13 of 165 comments (clear)

  1. Leave it to the professionals by PreacherTom · · Score: 4, Insightful

    Personally, I leave rocket science to the rocket scientists. Von Braun, I'm not.

  2. Instead of inciting FUD... by thewiz · · Score: 5, Interesting

    Why not ask questions of the people at NASA? They have been designing, building, and testing rockets for decades. Most arm-chair rocket scientists have no practical experience in doing things on the scale NASA does. Asking questions instead of making claims that NASA has screwed up would help us learn more about what NASA is doing and, perhaps, help them look at what they are doing from a different view-point.

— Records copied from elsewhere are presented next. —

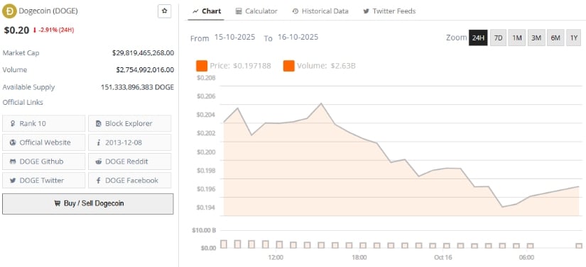 截至发稿,狗狗币交易价约0.20美元,24小时跌幅2.91%。来源:Brave New Coin
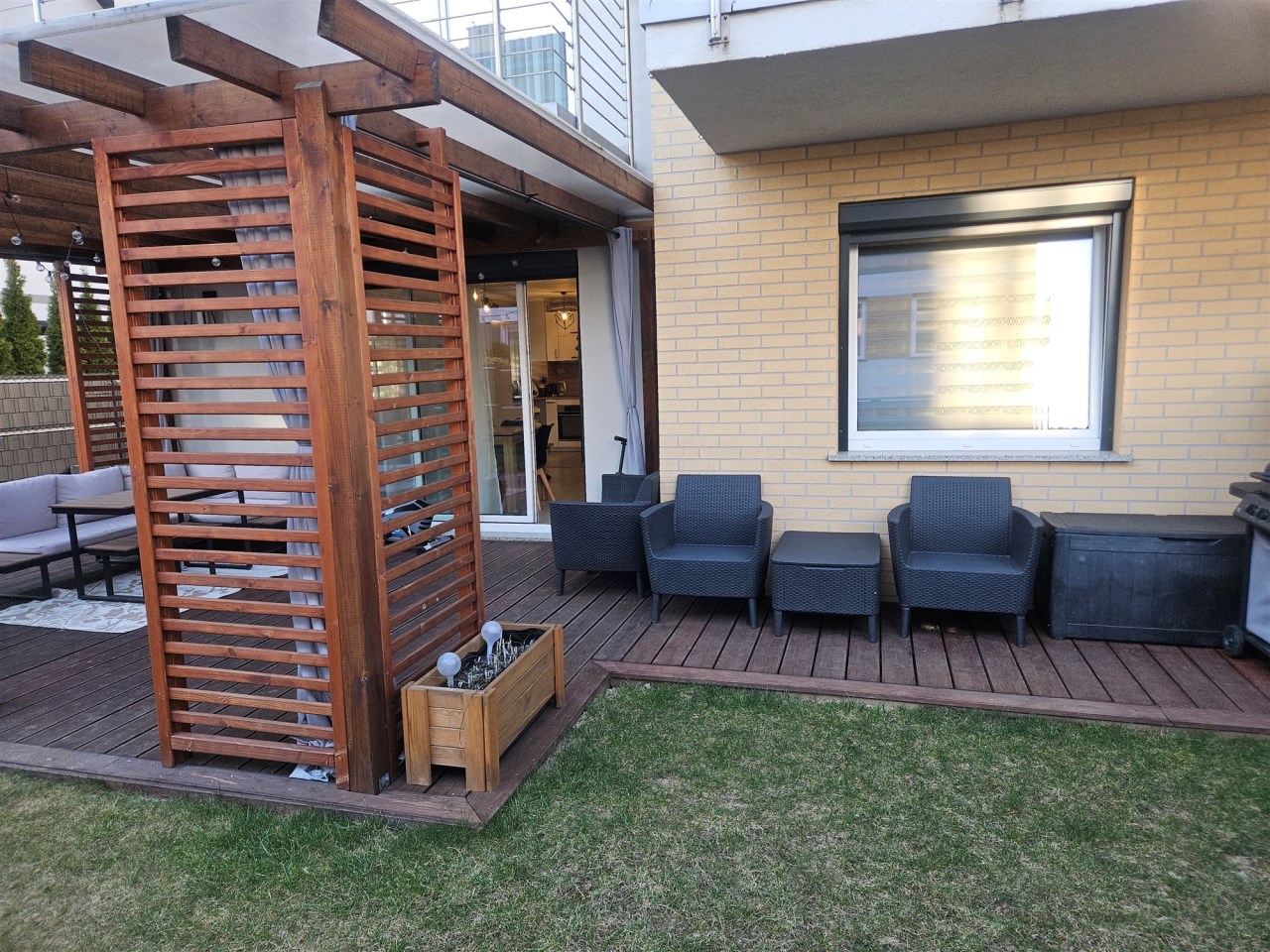 Do mieszkania przynależy przestronny ogród o powierzchni ok. 200 m² z bezpośrednim wyjściem na duży, zadaszony taras.
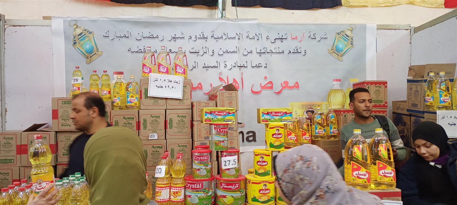 ويحتوي المعرض على كل مستلزمات سلع رمضان بأسعار مخفضة، حيث يبلغ سعر كرتونة البيض 50 جنيه وشيكارة المكرونة 10 كيلو ب100 جنيه وأسعار البلح تتراوح بين 13:20 جنيها، وكيلو السكر ب10 جنيهات، وزجاجة الزيت 1.5 لتر ب44 جنيها، وعلبة السمنة 1.5 كجم ب53.5 جنيه.
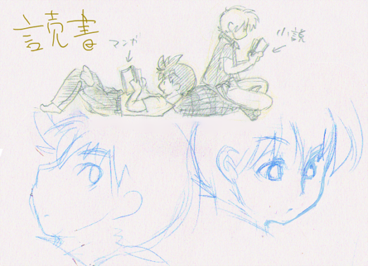 いつもと違うアングル練習と思って書き始めたはいいものの、某ドラマCDのジャケット絵を参考にしたわりにはなかなかうまいコト行かずでした。脚が。ていうか脚の辺りまで書かれてなかったという。
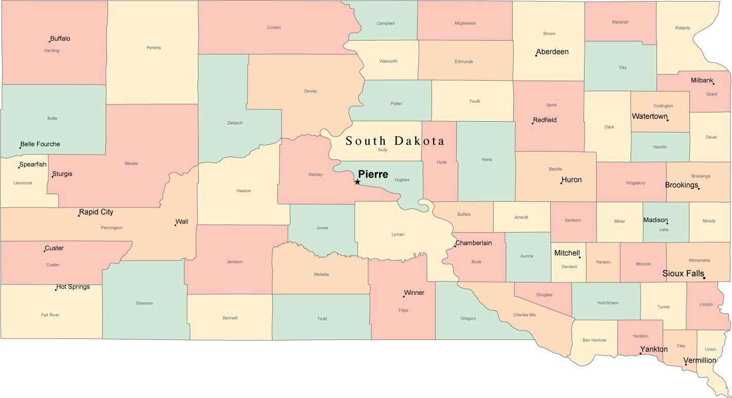 Multi Color South Dakota Map with Counties, Capitals, and Major
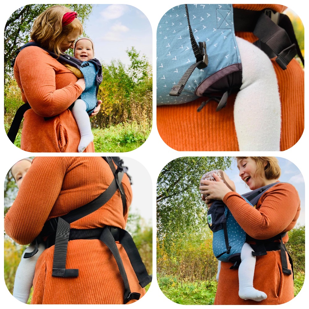 Litt om meg: Jeg er 158 høy og størrelse small. Jeg bærer en gutt på snart 15 måneder som har bikket 12 kg. Jeg bærer mest på rygg og har prøvd til sammen rundt 11 bæreseler. Jeg bærer også i sjal. Pappaen i hus er 183 og i øvre del av størrelsesskalaen på klær. Vi får derfor testet ytterpunktene av de selene vi prøver. Grunnen til at jeg tenker det er greit å ha litt informasjon om oss, er at en sele sitter ulikt på forskjellige type kropper. Det jeg synes er komfortabelt er ikke nødvendigvis det samme som deg. Derfor må min anmeldelse av denne selen sees i lys av hvem som bærer og alder på ungen som er prøvd oppi sela. Skulle gjerne testet med nyfødt også, det er nok en helt annen opplevelse.

    Sounds like we need to be open-source in our approach to communicating with NASA - ask questions, offer ideas, create a solution that all may benefit from rather than firing the cannons of FUD.

    --
    If "disco" means "I learn" in Latin, does "discothèque" mean "I learn technology"?
    1. Re:Instead of inciting FUD... by DerekLyons · · Score: 4, Informative
      Why not ask questions of the people at NASA? They have been designing, building, and testing rockets for decades.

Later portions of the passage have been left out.